> _Activity_: Restate word for word the lines below that run from the one holding "ウエスト部分はトレンドライクな紐ベルトをプラスし、今年らしい印象に。" through the one holding "Představujeme realizaci obkladu", inclusive. Pictures don't belong in the copy.

:: Provided records ::

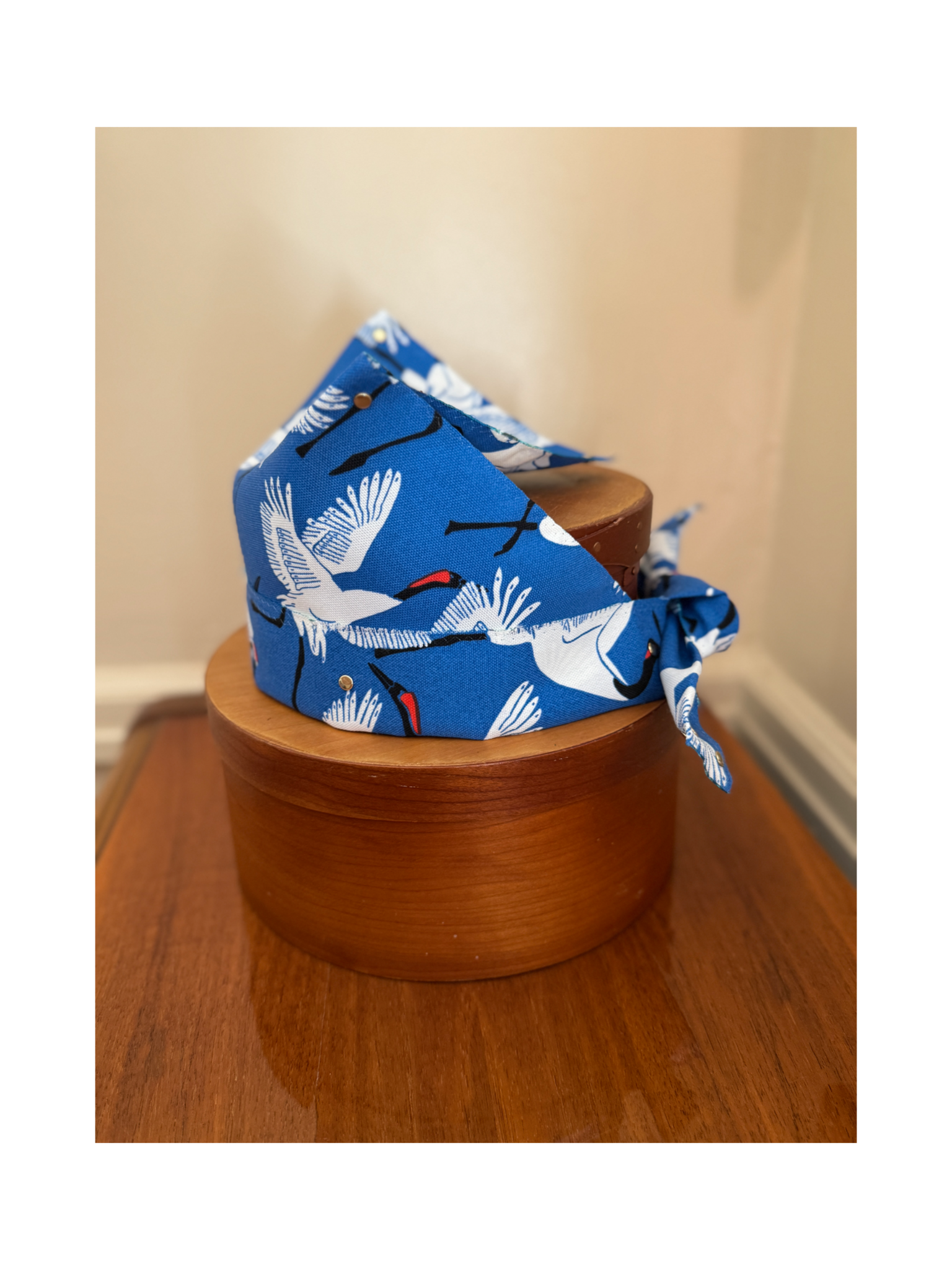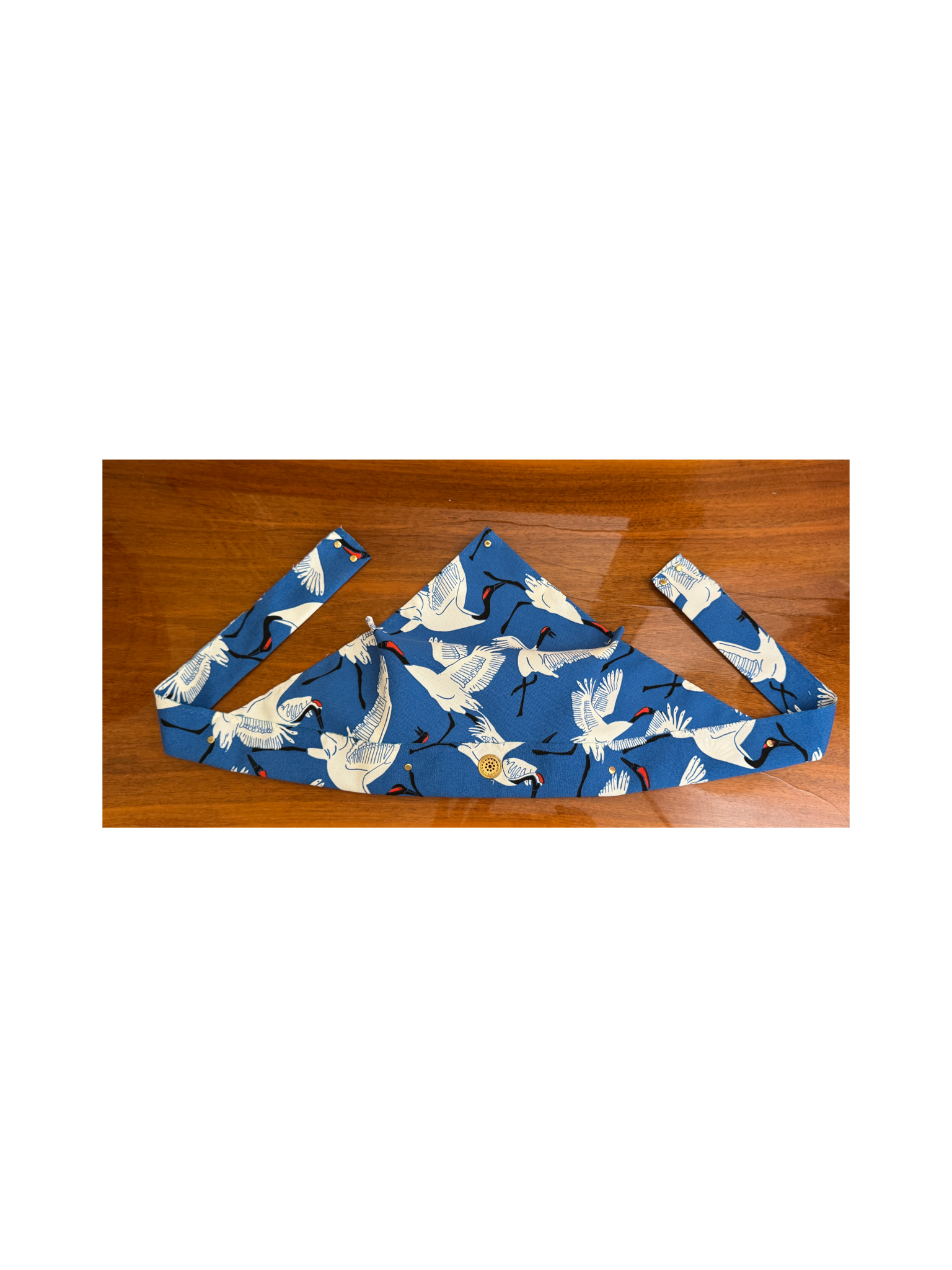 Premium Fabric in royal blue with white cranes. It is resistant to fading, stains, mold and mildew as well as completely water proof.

:::
:: Provided records ::

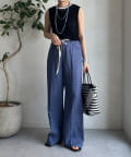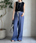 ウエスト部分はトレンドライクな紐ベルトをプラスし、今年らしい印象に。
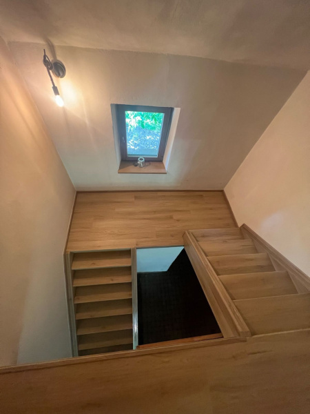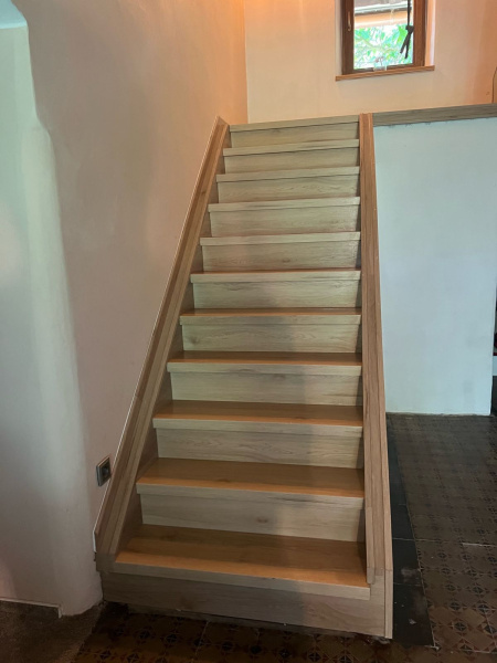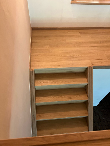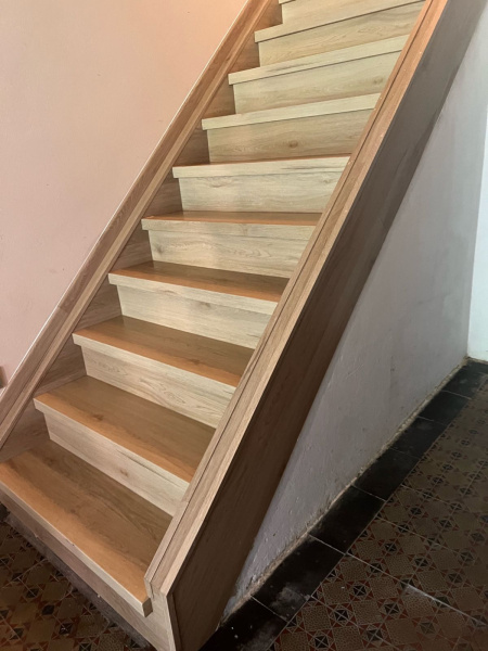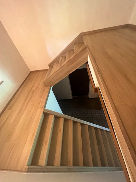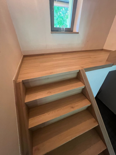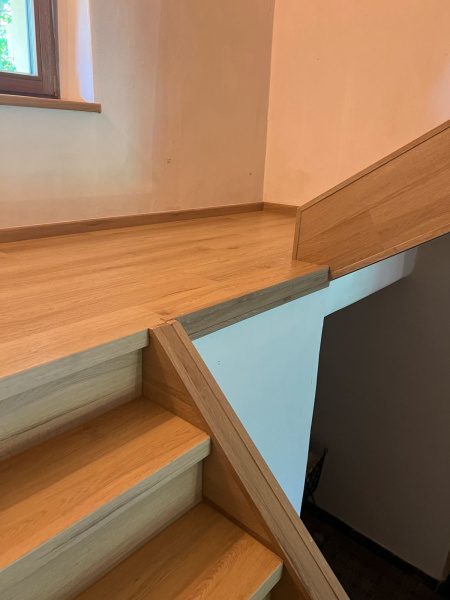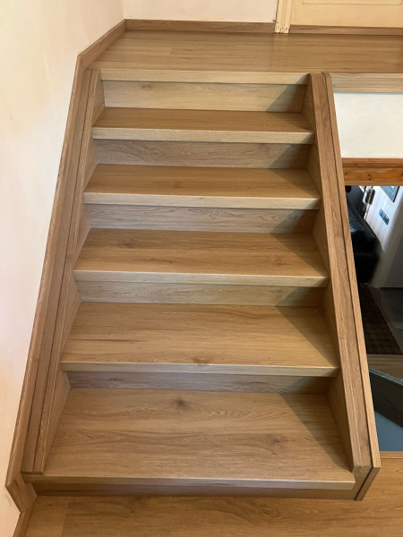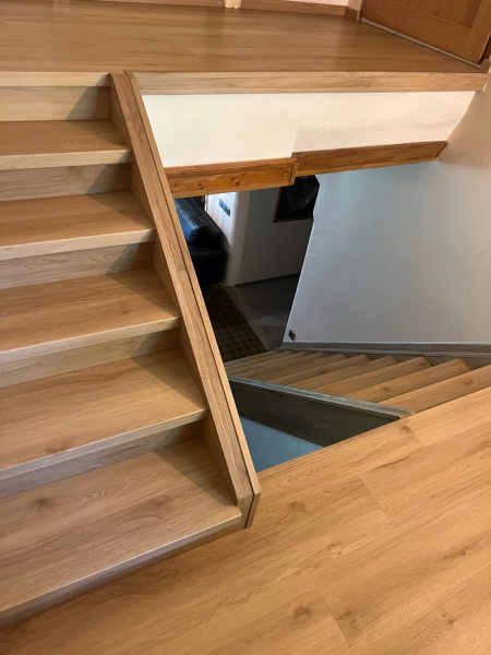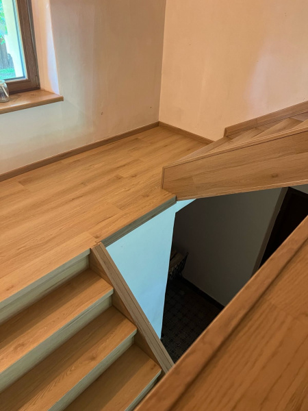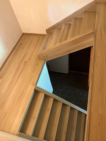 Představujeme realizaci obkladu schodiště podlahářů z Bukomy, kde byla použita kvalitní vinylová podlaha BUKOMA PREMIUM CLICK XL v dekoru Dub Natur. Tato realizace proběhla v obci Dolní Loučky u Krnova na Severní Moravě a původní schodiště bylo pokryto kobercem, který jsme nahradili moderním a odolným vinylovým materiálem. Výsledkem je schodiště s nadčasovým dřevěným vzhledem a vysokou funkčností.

:::
:: Provided records ::

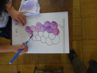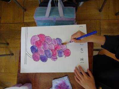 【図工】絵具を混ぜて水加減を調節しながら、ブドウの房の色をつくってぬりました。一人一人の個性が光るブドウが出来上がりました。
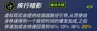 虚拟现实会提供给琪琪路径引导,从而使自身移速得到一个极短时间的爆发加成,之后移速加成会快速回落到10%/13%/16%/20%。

:::

> _Result below_:
 ウエスト部分はトレンドライクな紐ベルトをプラスし、今年らしい印象に。
 Představujeme realizaci obkladu schodiště podlahářů z Bukomy, kde byla použita kvalitní vinylová podlaha BUKOMA PREMIUM CLICK XL v dekoru Dub Natur. Tato realizace proběhla v obci Dolní Loučky u Krnova na Severní Moravě a původní schodiště bylo pokryto kobercem, který jsme nahradili moderním a odolným vinylovým materiálem. Výsledkem je schodiště s nadčasovým dřevěným vzhledem a vysokou funkčností.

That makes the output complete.